STUDY MATERIAL:
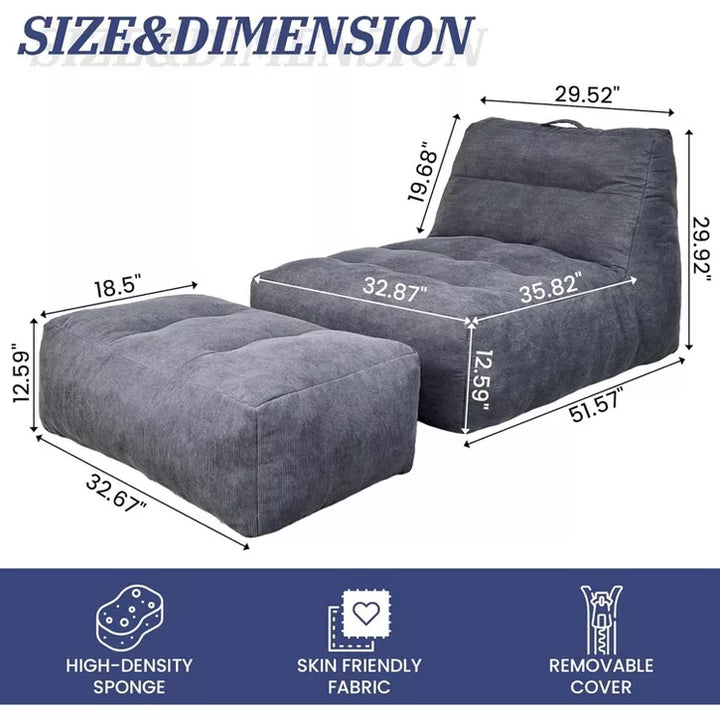 【No-Assembly, Easy to Move】No assembly needed for this bean bag chair with ottoman—just unpack and relax! Its lightweight build lets you easily move it from the living room to the balcony or any home corner, so you can create your ideal lounging spot.
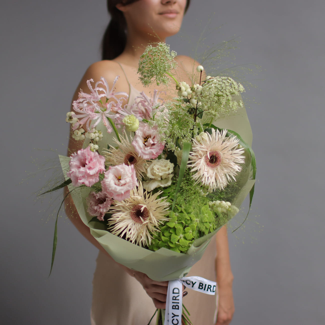 The fresh flowers from Lacy Bird are delivered in original packaging. Remove the packaging and place the flowers in a vase. We recommend not cutting the ribbon tying the flowers to keep the shape of the bouquet.
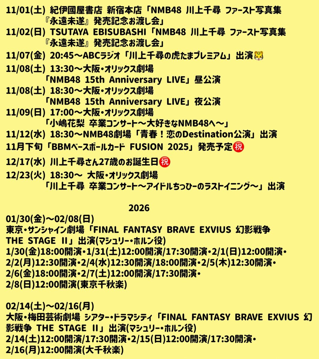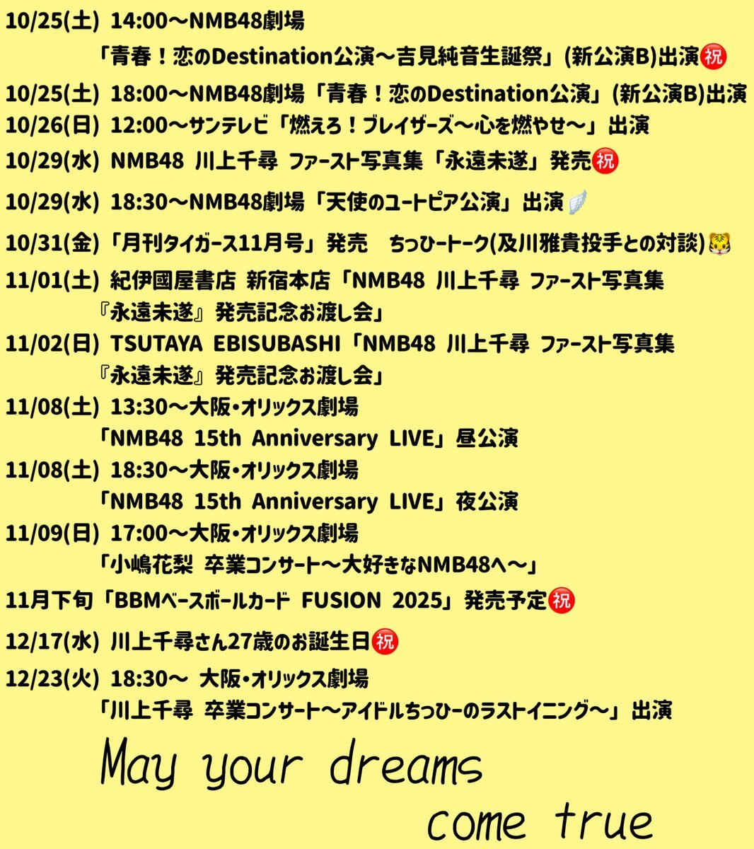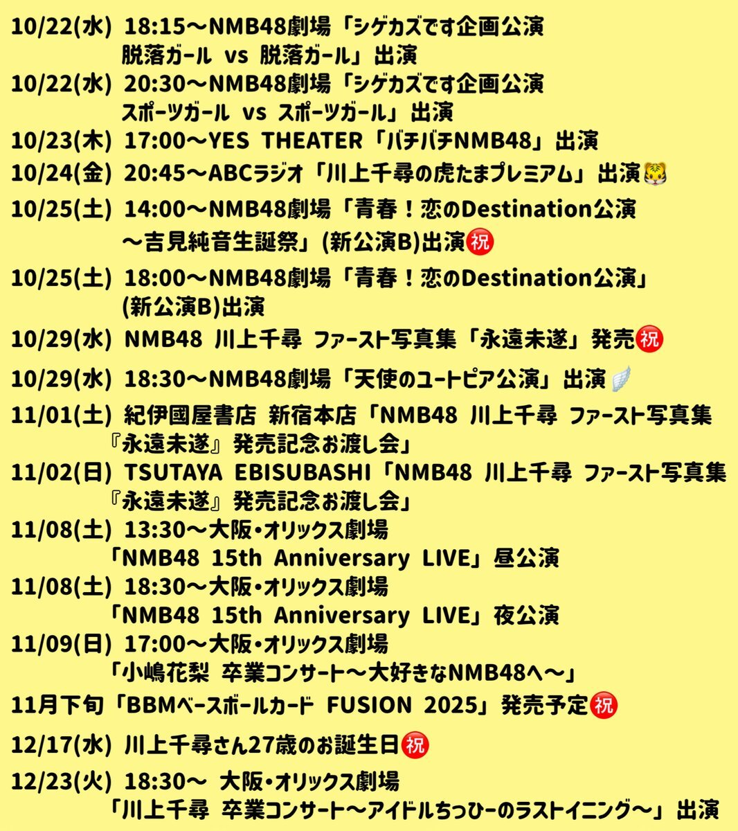#ちっひー のすけじゅーる帳💛 #川上千尋1st写真集 #永遠未遂 発売中🩷 12/17 川上千尋さん27歳の誕生日㊗️ 12/23 川上千尋さん卒業コンサート 〜アイドルちっひーのラストイニング #Joshin CMキャラクター #月刊タイガース #ちっひー虎の虫🐯 #川上千尋の虎たまプレミアム🐯 #NMB48 11/4更新 pic.x.com/2RNZMyt93f
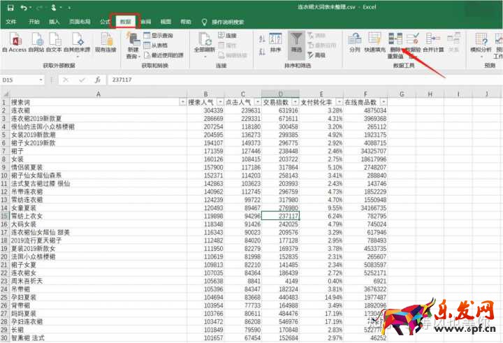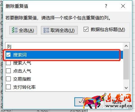 用excel刪除重復值,選擇“搜索詞”作為刪除條件,只要搜索詞是一樣的我們就認為它是同一個詞,最后保留了41400個詞。
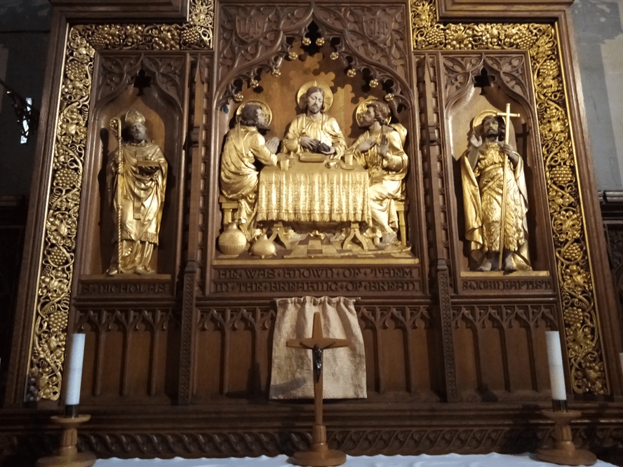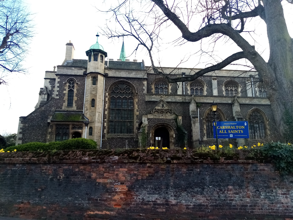 A church has stood on this site since Saxon times and was mentioned in the Domesday Book (1086.) At that time there was a spring rising nearby, one source of the River Wandle, which we now know as Carshalton Ponds. Parts of the original construction, notably the tower, remain but it has been added to over the next 800 years to the building we see today. The interior is spectacular, these works were installed between 1920 and 1941. The Revd. WR Corbould became Rector in 1919 and through his friendship with Sir Ninian Comper, a renowned church architect, began work on a series of ‘remarkable embellishments’; they certainly make it different from most parish churches. A red Sutton Heritage plaque on the outside wall lists people associated with the church, who all have the distinction of having Sutton/Carshalton streets named after them: Nicholas Gaynesford, Sherriff of Surrey and Sussex; Sir William Scawen, Governor of the Bank of England; Sir John Fellowes, sub-governor of the South Sea Company.
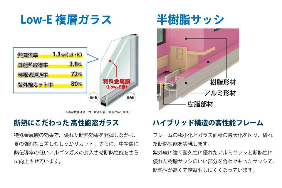・Low-E複層ガラスガラスにコーティングされた特殊金属膜。(Low-E膜)により、高い断熱効果を発揮。エアコンの冷気、暖気を逃がさず、効率を高めて住まいの省エネ化に貢献し、快適な室内環境を実現します。・半樹脂サッシ外側には耐候性が高く劣化しにくいアルミ、内側には断熱性能の優れた樹脂を使用したサッシです。アルミは長持ちし、樹脂は夏に外の熱を遮断し冬には室内の熱を保持します。
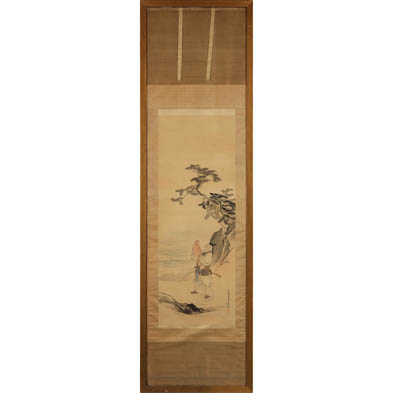 20th century, signed with seal, watercolor on fabric, possibly silk, laid to a brocade mat, the scene depicts a happy elderly warrior beholding a swathed infant in his arms. Presented behind glass in a gilt wooden frame.
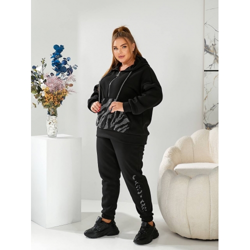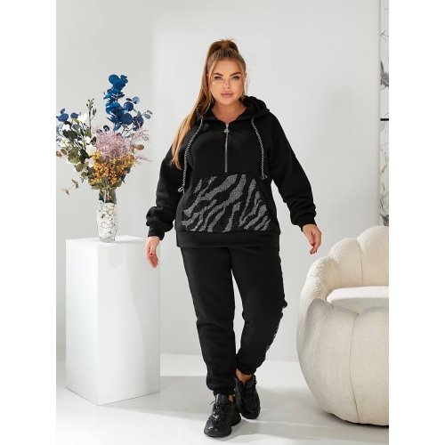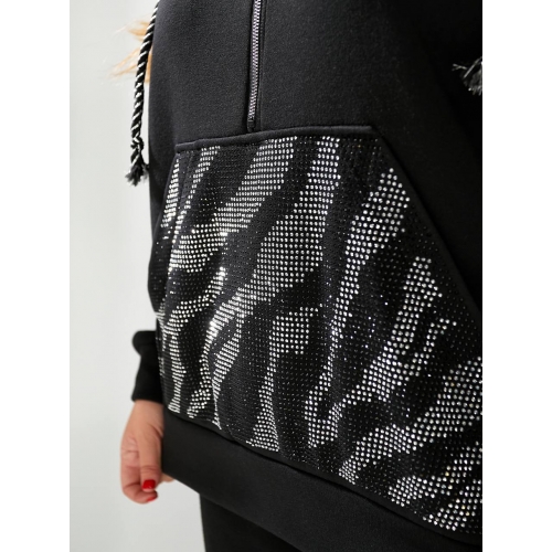 Кофта вільного крою, зручний глибокий капюшон, декорована камінням.

PROBLEM TO WORK ON: Copy back exactly the lines above from the one containing "The fresh flowers" through the one containing "A church has", and leave every picture behind.

EXERCISE ANSWER:
 The fresh flowers from Lacy Bird are delivered in original packaging. Remove the packaging and place the flowers in a vase. We recommend not cutting the ribbon tying the flowers to keep the shape of the bouquet.
#ちっひー のすけじゅーる帳💛 #川上千尋1st写真集 #永遠未遂 発売中🩷 12/17 川上千尋さん27歳の誕生日㊗️ 12/23 川上千尋さん卒業コンサート 〜アイドルちっひーのラストイニング #Joshin CMキャラクター #月刊タイガース #ちっひー虎の虫🐯 #川上千尋の虎たまプレミアム🐯 #NMB48 11/4更新 pic.x.com/2RNZMyt93f
 用excel刪除重復值,選擇“搜索詞”作為刪除條件,只要搜索詞是一樣的我們就認為它是同一個詞,最后保留了41400個詞。
 A church has stood on this site since Saxon times and was mentioned in the Domesday Book (1086.) At that time there was a spring rising nearby, one source of the River Wandle, which we now know as Carshalton Ponds. Parts of the original construction, notably the tower, remain but it has been added to over the next 800 years to the building we see today. The interior is spectacular, these works were installed between 1920 and 1941. The Revd. WR Corbould became Rector in 1919 and through his friendship with Sir Ninian Comper, a renowned church architect, began work on a series of ‘remarkable embellishments’; they certainly make it different from most parish churches. A red Sutton Heritage plaque on the outside wall lists people associated with the church, who all have the distinction of having Sutton/Carshalton streets named after them: Nicholas Gaynesford, Sherriff of Surrey and Sussex; Sir William Scawen, Governor of the Bank of England; Sir John Fellowes, sub-governor of the South Sea Company.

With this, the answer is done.